WHAT YOU SHOULD DO »
Your copy should hold exactly the lines from the beginning of the listing below through the line with "奈良本 秀亨さんを姓名の画数から五運を鑑定", without any pictures.

INFORMATION SUPPLIED »
-=-=-=-=-

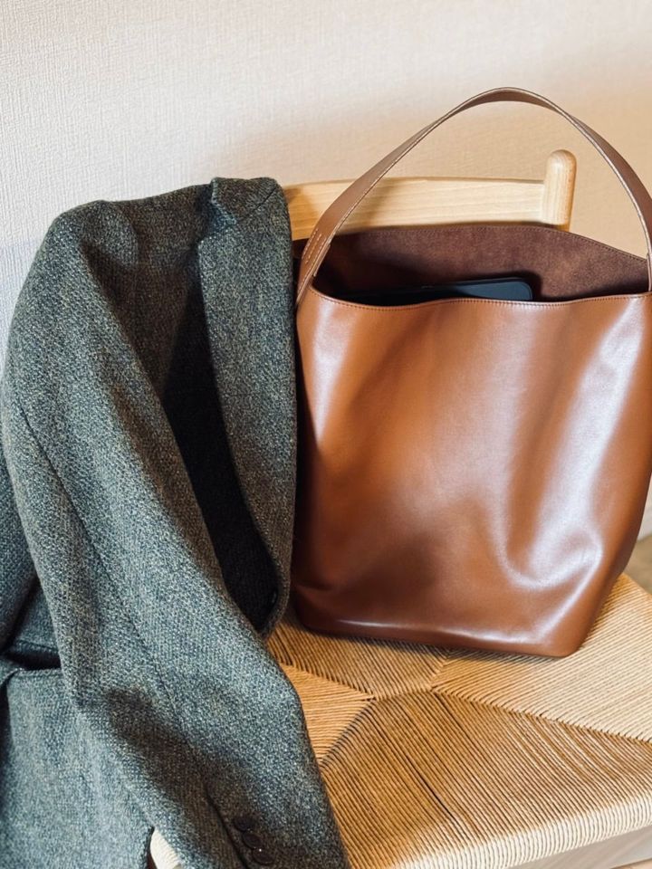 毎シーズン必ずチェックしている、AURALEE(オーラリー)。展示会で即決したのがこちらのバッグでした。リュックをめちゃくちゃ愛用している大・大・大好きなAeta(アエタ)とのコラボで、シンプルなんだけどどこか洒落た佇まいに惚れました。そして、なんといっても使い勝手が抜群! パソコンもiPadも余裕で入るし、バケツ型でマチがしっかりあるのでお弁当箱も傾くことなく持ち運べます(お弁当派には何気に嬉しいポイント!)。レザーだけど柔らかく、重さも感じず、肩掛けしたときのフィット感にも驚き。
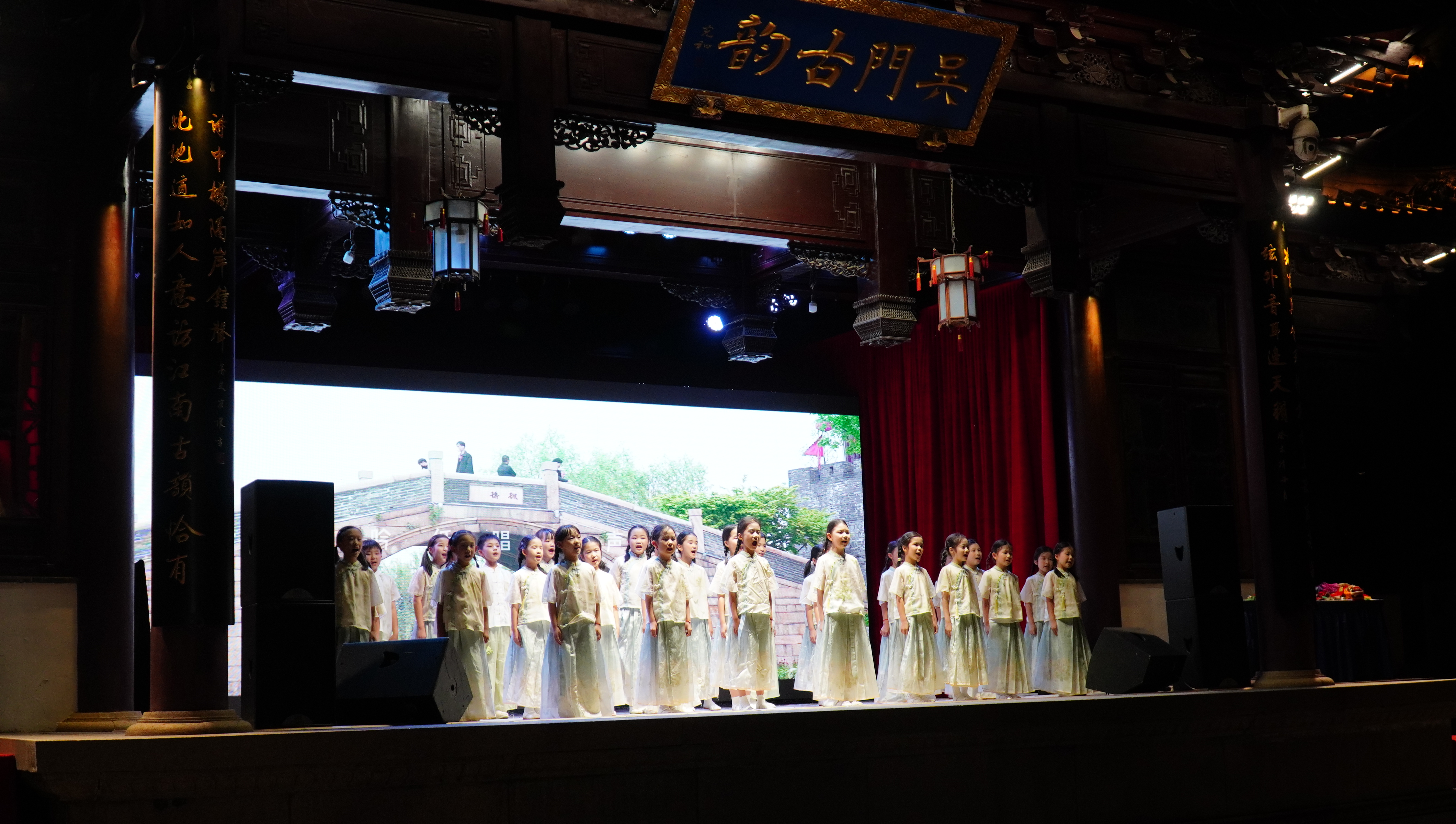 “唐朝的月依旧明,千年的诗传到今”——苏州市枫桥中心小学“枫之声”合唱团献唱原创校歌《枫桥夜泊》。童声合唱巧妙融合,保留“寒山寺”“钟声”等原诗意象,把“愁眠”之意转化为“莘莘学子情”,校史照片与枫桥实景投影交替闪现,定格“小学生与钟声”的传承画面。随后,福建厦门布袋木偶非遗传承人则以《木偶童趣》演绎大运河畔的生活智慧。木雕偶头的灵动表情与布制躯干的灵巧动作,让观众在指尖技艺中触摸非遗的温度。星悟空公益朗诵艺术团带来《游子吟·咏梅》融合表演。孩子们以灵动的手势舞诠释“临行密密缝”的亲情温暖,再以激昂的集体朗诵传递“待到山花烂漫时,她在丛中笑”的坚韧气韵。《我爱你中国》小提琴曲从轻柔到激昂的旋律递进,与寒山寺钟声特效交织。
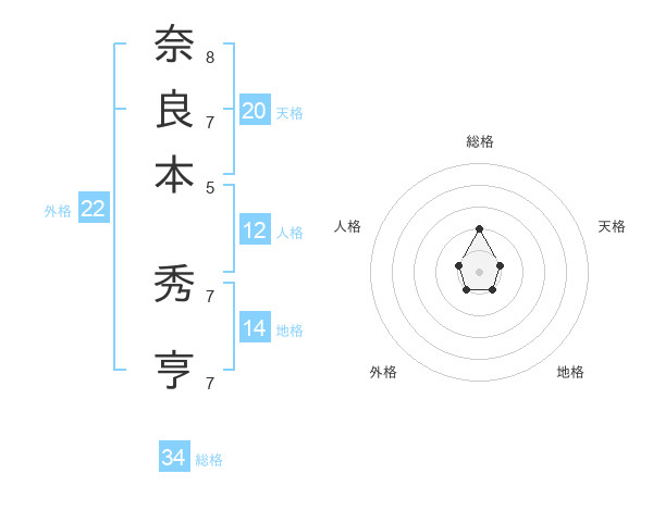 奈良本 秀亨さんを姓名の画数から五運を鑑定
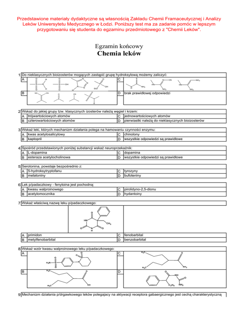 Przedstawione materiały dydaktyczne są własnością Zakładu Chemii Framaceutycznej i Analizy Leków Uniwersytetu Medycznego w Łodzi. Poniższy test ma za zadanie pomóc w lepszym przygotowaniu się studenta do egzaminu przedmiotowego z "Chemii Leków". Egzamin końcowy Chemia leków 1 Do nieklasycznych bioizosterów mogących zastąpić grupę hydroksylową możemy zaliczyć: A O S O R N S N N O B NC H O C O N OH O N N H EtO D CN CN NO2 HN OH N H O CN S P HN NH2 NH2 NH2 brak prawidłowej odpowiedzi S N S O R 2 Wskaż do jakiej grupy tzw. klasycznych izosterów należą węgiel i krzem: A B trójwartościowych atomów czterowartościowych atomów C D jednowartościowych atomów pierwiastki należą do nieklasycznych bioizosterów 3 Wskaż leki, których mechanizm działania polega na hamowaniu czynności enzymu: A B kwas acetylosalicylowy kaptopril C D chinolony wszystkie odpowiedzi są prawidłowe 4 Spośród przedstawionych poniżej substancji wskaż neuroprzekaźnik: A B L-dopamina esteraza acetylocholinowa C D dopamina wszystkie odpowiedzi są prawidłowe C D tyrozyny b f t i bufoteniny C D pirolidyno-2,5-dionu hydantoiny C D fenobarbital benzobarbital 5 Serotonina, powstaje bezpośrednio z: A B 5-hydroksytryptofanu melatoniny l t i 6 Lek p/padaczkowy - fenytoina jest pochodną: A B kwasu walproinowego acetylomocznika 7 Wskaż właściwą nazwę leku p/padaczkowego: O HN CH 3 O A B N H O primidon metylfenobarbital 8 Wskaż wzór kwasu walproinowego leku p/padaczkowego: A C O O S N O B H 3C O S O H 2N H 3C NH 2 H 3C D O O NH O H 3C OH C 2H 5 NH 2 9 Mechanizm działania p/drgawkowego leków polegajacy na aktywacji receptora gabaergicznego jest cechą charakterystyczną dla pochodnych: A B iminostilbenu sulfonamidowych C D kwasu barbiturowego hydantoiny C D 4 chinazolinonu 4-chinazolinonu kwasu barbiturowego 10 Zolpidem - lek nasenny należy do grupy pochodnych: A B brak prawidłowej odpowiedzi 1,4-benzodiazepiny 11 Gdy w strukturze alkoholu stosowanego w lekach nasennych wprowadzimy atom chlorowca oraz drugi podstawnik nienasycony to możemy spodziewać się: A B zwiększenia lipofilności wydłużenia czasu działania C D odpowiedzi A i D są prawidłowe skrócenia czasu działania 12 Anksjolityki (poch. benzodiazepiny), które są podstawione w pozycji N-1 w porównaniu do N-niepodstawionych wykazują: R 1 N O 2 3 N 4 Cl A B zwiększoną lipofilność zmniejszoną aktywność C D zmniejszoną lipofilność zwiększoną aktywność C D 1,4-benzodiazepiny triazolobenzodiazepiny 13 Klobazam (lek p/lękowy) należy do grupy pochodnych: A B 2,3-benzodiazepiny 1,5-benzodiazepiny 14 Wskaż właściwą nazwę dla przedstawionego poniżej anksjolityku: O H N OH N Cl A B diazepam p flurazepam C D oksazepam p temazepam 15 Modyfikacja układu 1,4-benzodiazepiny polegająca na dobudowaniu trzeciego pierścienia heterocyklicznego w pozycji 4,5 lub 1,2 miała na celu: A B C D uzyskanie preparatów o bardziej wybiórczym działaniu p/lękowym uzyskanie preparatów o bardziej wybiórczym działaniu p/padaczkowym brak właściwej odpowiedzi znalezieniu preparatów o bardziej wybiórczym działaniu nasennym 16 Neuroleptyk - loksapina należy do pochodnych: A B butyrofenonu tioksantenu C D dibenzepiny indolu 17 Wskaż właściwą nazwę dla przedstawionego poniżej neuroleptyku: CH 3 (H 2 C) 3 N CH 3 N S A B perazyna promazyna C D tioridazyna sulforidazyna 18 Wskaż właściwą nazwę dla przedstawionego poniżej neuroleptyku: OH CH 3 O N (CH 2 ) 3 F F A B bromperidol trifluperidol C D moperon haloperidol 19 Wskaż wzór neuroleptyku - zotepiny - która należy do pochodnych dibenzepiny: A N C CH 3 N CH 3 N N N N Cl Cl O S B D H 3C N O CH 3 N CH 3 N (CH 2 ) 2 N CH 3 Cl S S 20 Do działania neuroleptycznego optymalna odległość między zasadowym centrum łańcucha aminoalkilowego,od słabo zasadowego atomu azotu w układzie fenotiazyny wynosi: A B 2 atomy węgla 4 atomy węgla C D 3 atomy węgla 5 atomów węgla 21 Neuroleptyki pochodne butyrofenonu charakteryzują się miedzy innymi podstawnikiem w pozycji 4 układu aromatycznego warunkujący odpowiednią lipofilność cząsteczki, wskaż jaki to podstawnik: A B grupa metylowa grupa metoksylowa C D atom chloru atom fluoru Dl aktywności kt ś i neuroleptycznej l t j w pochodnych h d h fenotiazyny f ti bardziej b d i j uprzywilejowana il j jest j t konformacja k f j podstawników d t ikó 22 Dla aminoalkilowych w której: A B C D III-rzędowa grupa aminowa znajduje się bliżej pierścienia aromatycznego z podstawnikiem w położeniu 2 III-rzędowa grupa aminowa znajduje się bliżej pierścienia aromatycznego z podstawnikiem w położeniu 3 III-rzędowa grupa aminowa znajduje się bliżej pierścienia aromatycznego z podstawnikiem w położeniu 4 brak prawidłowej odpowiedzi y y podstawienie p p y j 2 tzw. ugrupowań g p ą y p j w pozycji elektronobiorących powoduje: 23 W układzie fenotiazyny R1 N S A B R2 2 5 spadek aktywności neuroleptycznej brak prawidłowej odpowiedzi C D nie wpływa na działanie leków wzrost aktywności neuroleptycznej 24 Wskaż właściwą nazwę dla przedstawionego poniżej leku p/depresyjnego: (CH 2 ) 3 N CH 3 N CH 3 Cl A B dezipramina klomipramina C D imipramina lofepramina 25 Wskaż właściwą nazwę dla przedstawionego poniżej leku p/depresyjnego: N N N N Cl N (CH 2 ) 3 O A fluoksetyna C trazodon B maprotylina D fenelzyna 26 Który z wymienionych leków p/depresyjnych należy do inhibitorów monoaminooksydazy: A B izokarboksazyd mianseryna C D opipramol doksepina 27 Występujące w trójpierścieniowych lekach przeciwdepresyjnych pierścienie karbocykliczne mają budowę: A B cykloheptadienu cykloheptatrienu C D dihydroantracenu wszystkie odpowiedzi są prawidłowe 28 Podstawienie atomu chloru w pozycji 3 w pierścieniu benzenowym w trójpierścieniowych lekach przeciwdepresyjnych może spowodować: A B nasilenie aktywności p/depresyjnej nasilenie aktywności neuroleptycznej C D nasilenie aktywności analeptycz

-=-=-=-=-

OUTPUT »
 毎シーズン必ずチェックしている、AURALEE(オーラリー)。展示会で即決したのがこちらのバッグでした。リュックをめちゃくちゃ愛用している大・大・大好きなAeta(アエタ)とのコラボで、シンプルなんだけどどこか洒落た佇まいに惚れました。そして、なんといっても使い勝手が抜群! パソコンもiPadも余裕で入るし、バケツ型でマチがしっかりあるのでお弁当箱も傾くことなく持ち運べます(お弁当派には何気に嬉しいポイント!)。レザーだけど柔らかく、重さも感じず、肩掛けしたときのフィット感にも驚き。
 “唐朝的月依旧明,千年的诗传到今”——苏州市枫桥中心小学“枫之声”合唱团献唱原创校歌《枫桥夜泊》。童声合唱巧妙融合,保留“寒山寺”“钟声”等原诗意象,把“愁眠”之意转化为“莘莘学子情”,校史照片与枫桥实景投影交替闪现,定格“小学生与钟声”的传承画面。随后,福建厦门布袋木偶非遗传承人则以《木偶童趣》演绎大运河畔的生活智慧。木雕偶头的灵动表情与布制躯干的灵巧动作,让观众在指尖技艺中触摸非遗的温度。星悟空公益朗诵艺术团带来《游子吟·咏梅》融合表演。孩子们以灵动的手势舞诠释“临行密密缝”的亲情温暖,再以激昂的集体朗诵传递“待到山花烂漫时,她在丛中笑”的坚韧气韵。《我爱你中国》小提琴曲从轻柔到激昂的旋律递进,与寒山寺钟声特效交织。
 奈良本 秀亨さんを姓名の画数から五運を鑑定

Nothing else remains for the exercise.